Accomplishments • In 1988, he established his own humanitarian foundation, the Elie Wiesel Foundation for Humanity, to explore the problems of hatred and ethnic conflicts. • In the early 1990s, he lobbied the U.S. government on behalf of victims of ethnic cleansing in Bosnia. • Wiesel has received numerous awards and approximately 75 honorary doctorates.
Holocaust Museum • In 1993, Wiesel spoke at the dedication of the U.S. Holocaust Memorial Museum in Washington, D.C. • His words, which echo his life’s work, are carved in stone at the entrance to the museum: • “For the dead and the living, we must bear witness.”
Quotes to Remember • A destruction, an annihilation that only man can provoke, only man can prevent. • Hope is like peace. It is not a gift from God. It is a gift only we can give one another. • I decided to devote my life to telling the story because I felt that having survived I owe something to the dead. and anyone who does not remember betrays them again. • I swore never to be silent whenever and wherever human beings endure suffering and humiliation.
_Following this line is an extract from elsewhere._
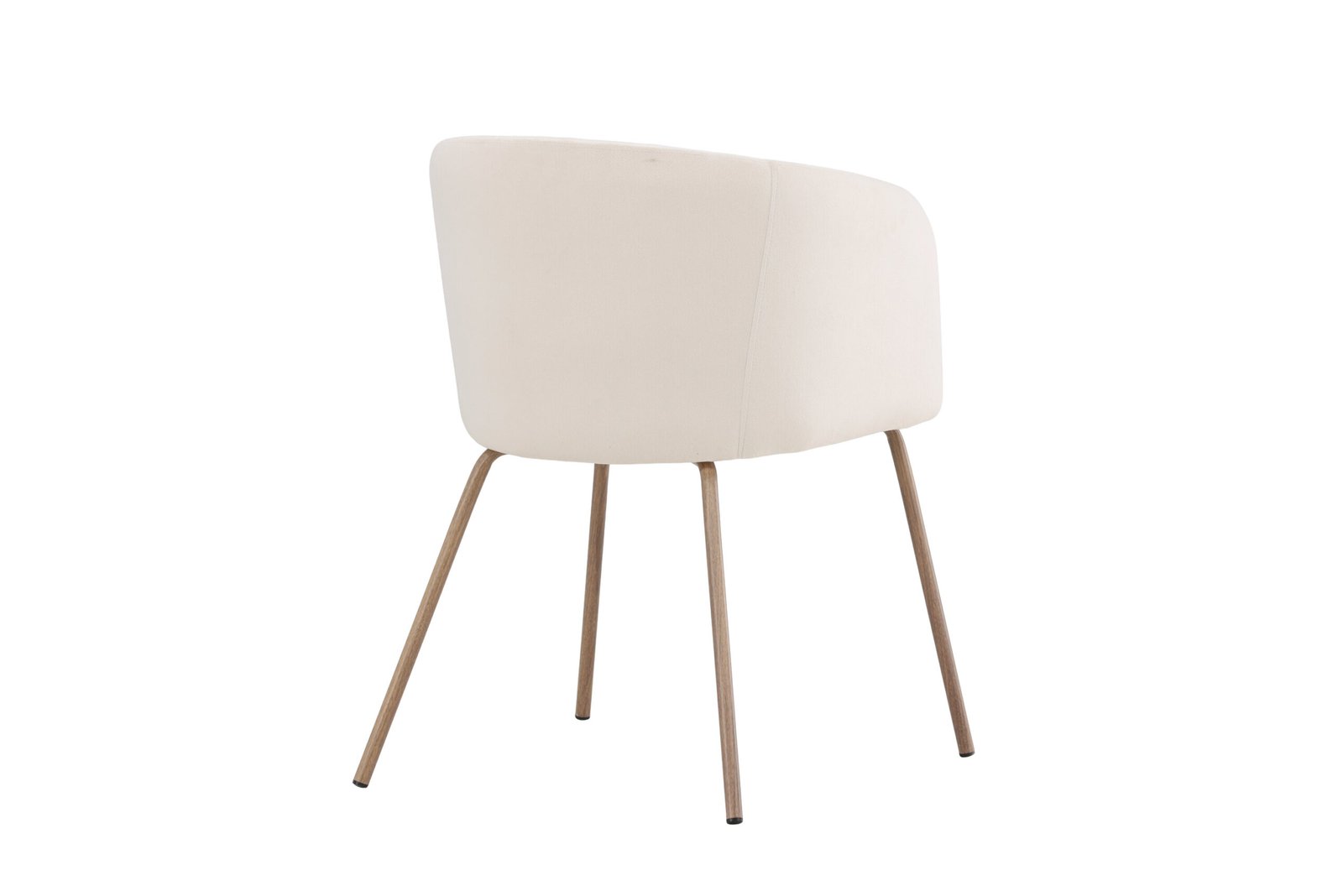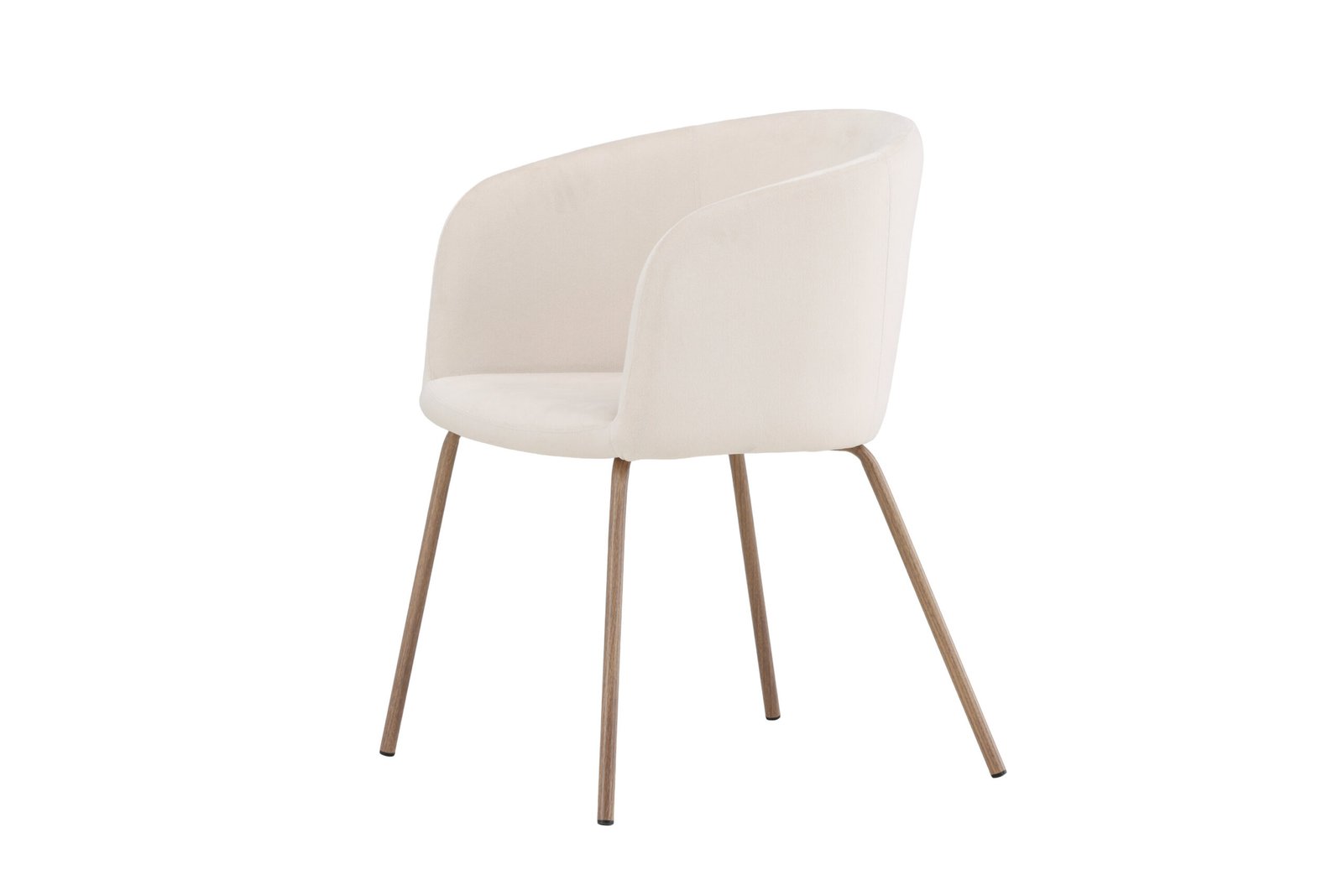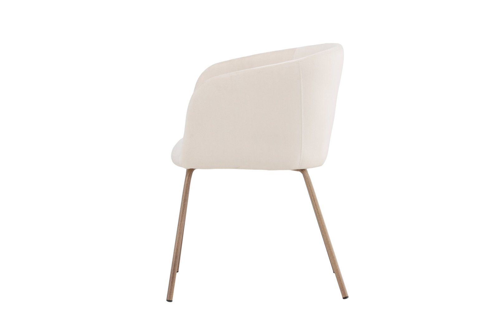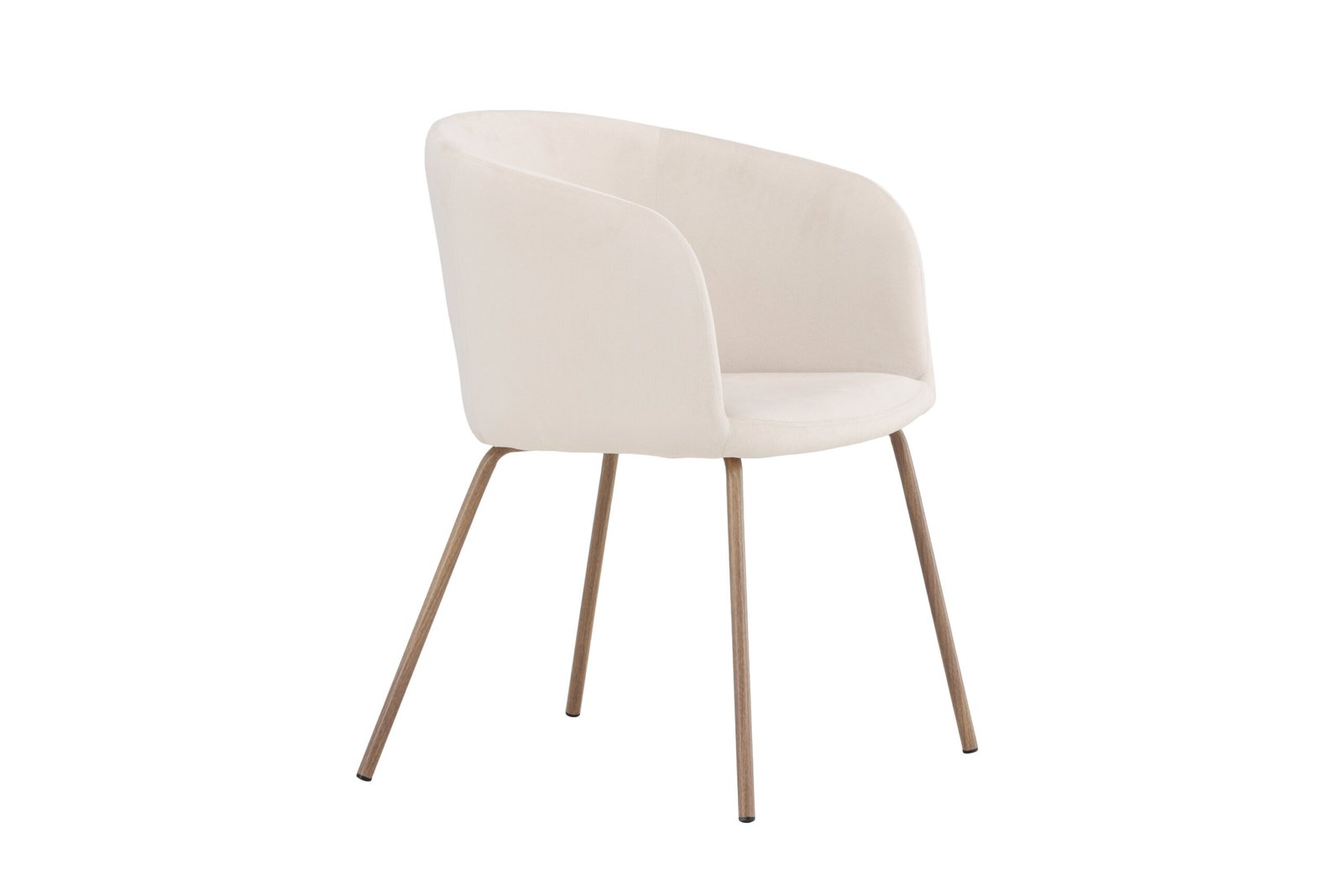 Berit is a sleek dining chair that combines comfort with modern aesthetics. The chair features wood-colored legs in durable steel, providing both stability and a warm, natural look. The seat is upholstered in a soft beige velvet fabric that offers an inviting feel and fits perfectly in most homes. With its generous seating comfort, Berit is a chair you'll want to linger in – whether for dinners, conversations, or long coffee breaks.

We must always take sides. Neutrality helps the oppressor, never the victim. Silence encourages the tormentor, never the tormented.
Quotes to Remember • I write to understand as much as to be understood. • No human race is superior; no religious faith is inferior. All collective judgments are wrong. Only racists make them. • The opposite of love is not hate, it's indifference.